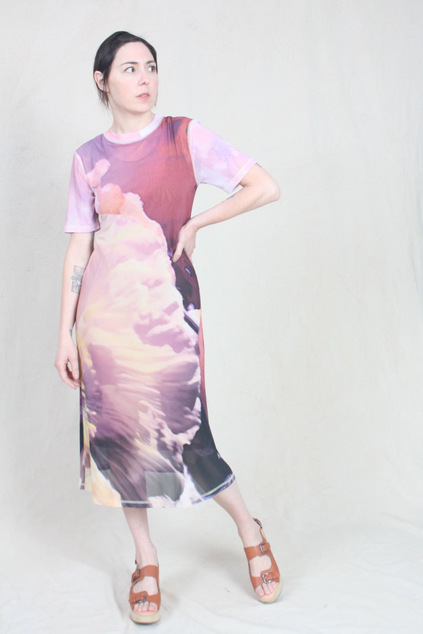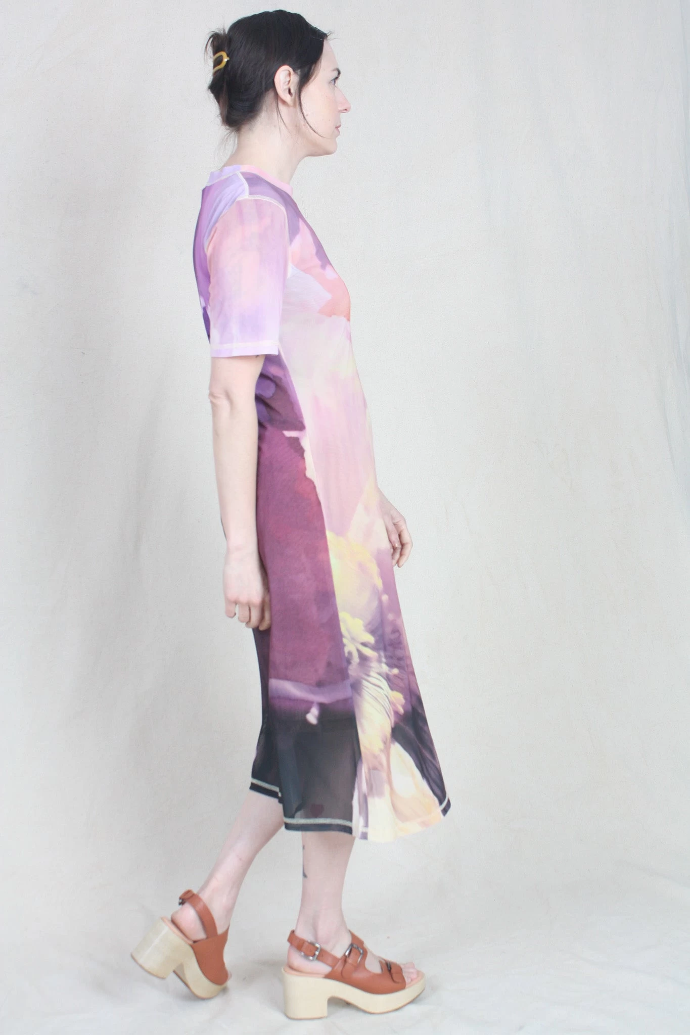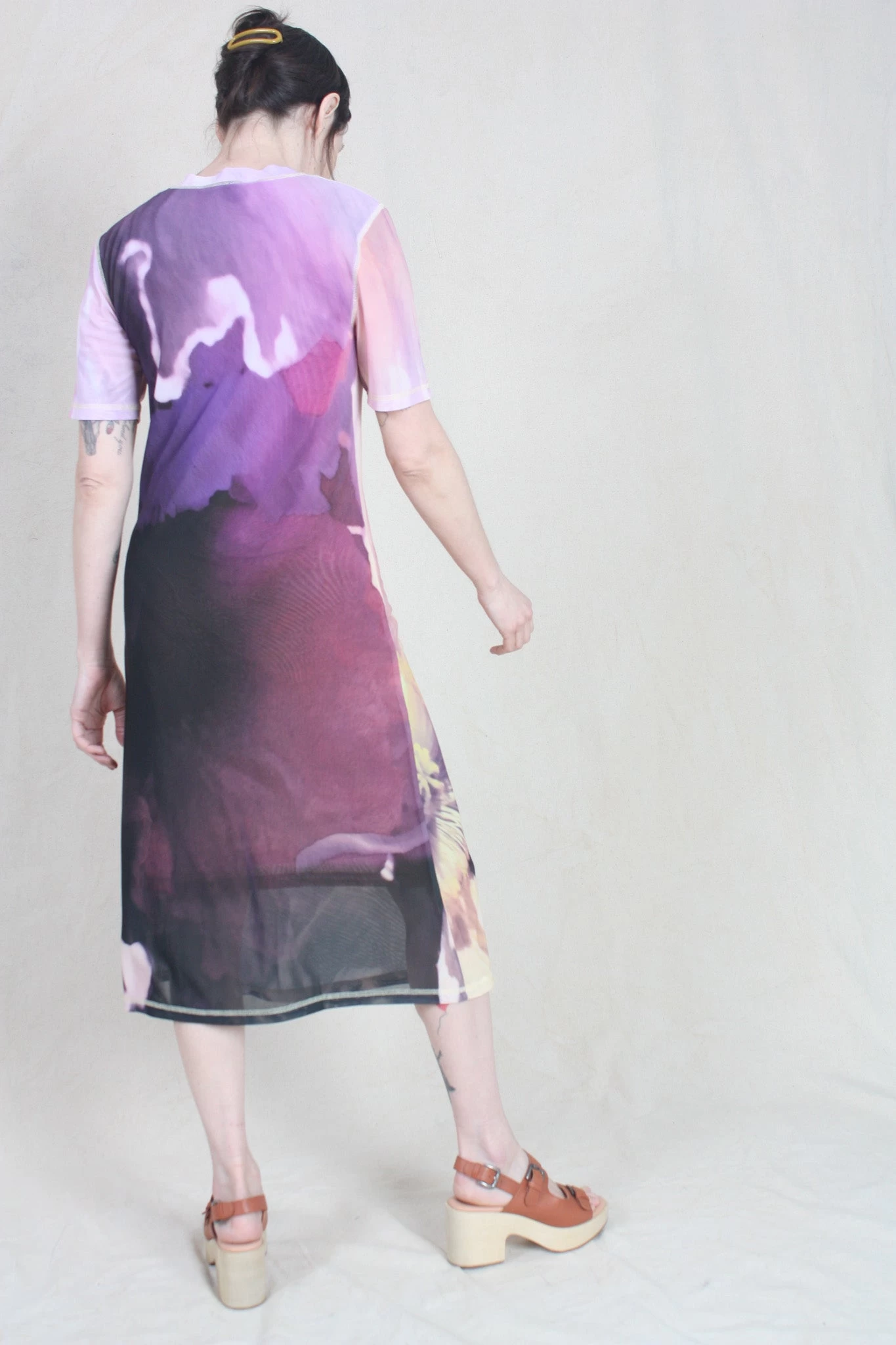Layered midi dress in stretchy abstract floral printed mesh. Short sleeves. Relaxed, slightly oversized fit. Easy to style. Looks great with boots. Lined.
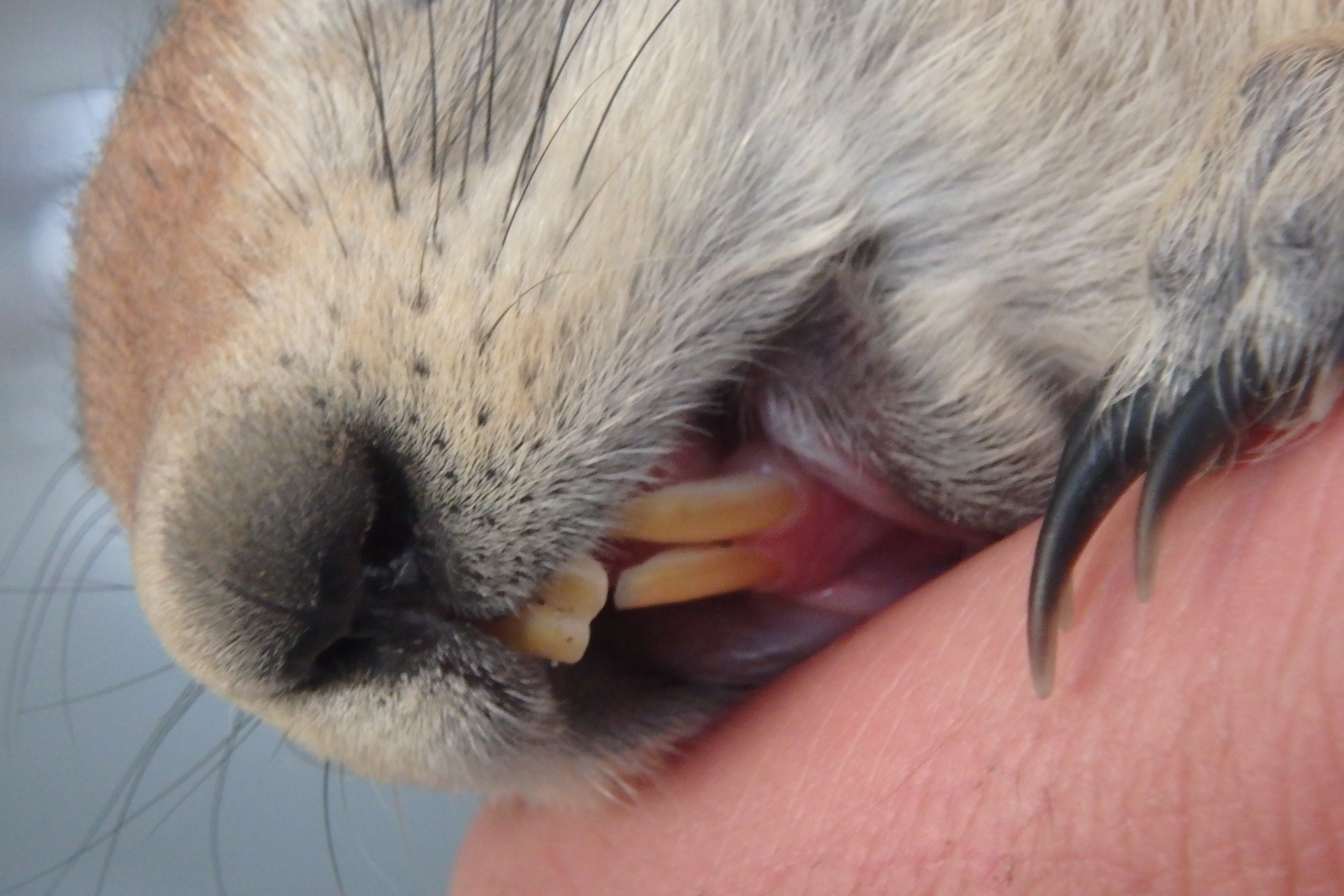 A look at the teeth in an anesthetized Arctic ground squirrel. Winter lab, Toolik Field Station, Alaska.
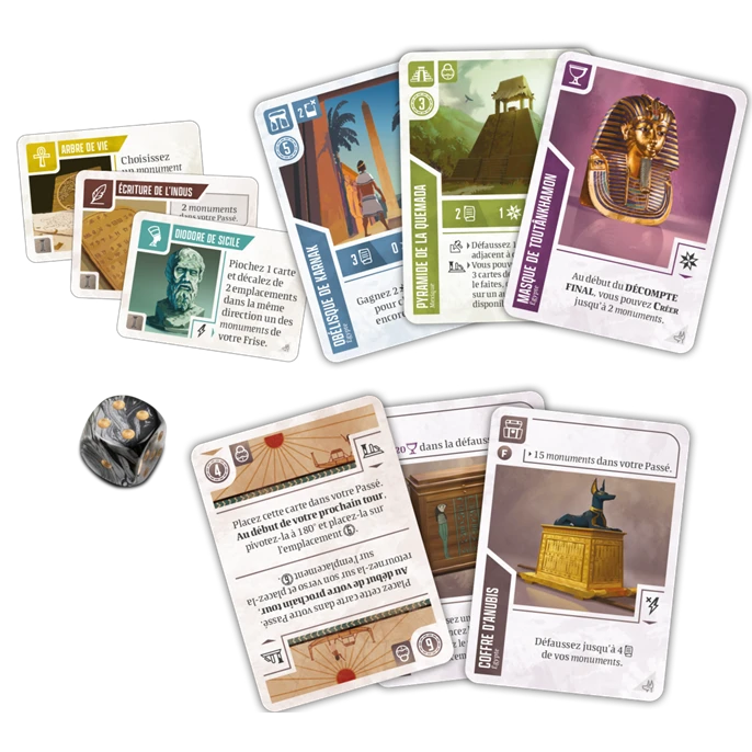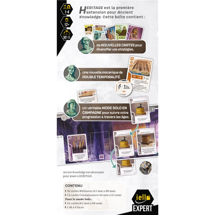 Les cartes Bâtisseur et Connaissance de cette extension ajoutent de nouvelles combinaisons et ouvrent de nouvelles opportunités stratégiques pour vos prochaines parties, aussi bien à plusieurs qu’en solo. Certaines cartes de cette extension ont des effets avec plusieurs temporalités.
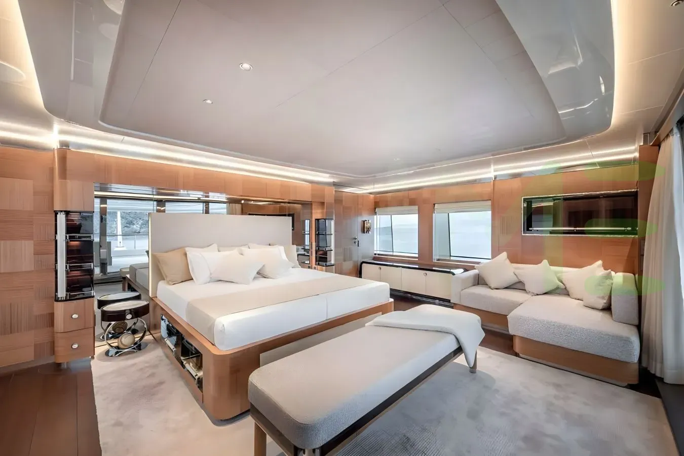 The styling of the SUNRISE yacht features exterior design by Ginton Naval Architects and interior design by Hot Lab. Up to 12 guests can be accommodated on board the superyacht SUNRISE in 5 staterooms. SUNRISE also has accommodations for 9 crew members, including the yacht’s captain.
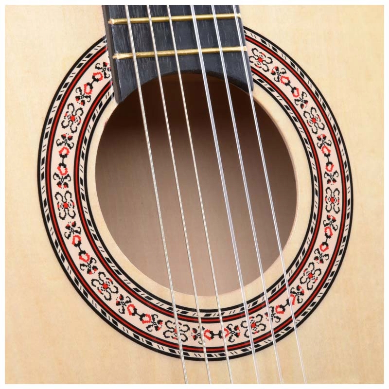 BD 36 — ✅ чудова гітара для початківців. Інструмент виготовлений з порід дерева з хорошими акустичними властивостями, що робить звук гітари дуже приємним. Зручний гриф і відносно низький хід м'яких нейлонових струн дозволяють досить легко і природно розташувати пальці на ладах, ✅ не втомлюючи руку. Також варто звернути увагу на елегантну розетку розміщені навколо звукового отвору, а такожкласичні, чудово прикрашені заводні механізмиз перламутровими метеликами.
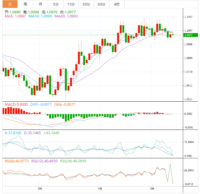 尽管最近出现反弹,但21日移动均线和一周前下行阻力线在1.1000附近的汇合限制了欧元货币对的短期上行空间。
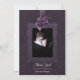 Mörkens lila-dämpare anger en rik för det här vackra bröllop-temat Tack. Ett matchande gräns med vackra detaljer ramar ditt foto. Fint ro med en sprinkl av mörk glitter lägger till en speciell beröring på framsidan och ett passande kort tillbaka. All text fram och tillbaka är helt och hållet anpassade från dig.
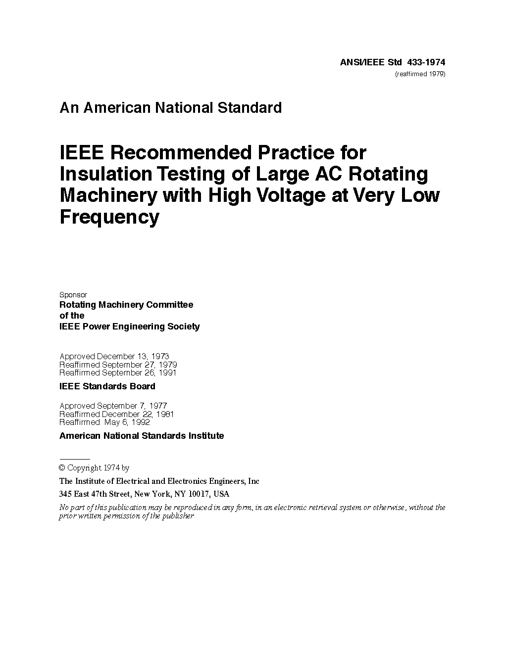 Described in this recommended practice are very low frequency withstand and diagnostic tests that are performed on the stator windings of ac electric machines.
========
WHAT THE EXERCISE ASKS
Only the lines from the one with "BD 36 — ✅ чудова" through the last line of the records above are wanted, copied exactly and with pictures omitted.

EXERCISE ANSWER
 BD 36 — ✅ чудова гітара для початківців. Інструмент виготовлений з порід дерева з хорошими акустичними властивостями, що робить звук гітари дуже приємним. Зручний гриф і відносно низький хід м'яких нейлонових струн дозволяють досить легко і природно розташувати пальці на ладах, ✅ не втомлюючи руку. Також варто звернути увагу на елегантну розетку розміщені навколо звукового отвору, а такожкласичні, чудово прикрашені заводні механізмиз перламутровими метеликами.
 尽管最近出现反弹,但21日移动均线和一周前下行阻力线在1.1000附近的汇合限制了欧元货币对的短期上行空间。
 Mörkens lila-dämpare anger en rik för det här vackra bröllop-temat Tack. Ett matchande gräns med vackra detaljer ramar ditt foto. Fint ro med en sprinkl av mörk glitter lägger till en speciell beröring på framsidan och ett passande kort tillbaka. All text fram och tillbaka är helt och hållet anpassade från dig.
 Described in this recommended practice are very low frequency withstand and diagnostic tests that are performed on the stator windings of ac electric machines.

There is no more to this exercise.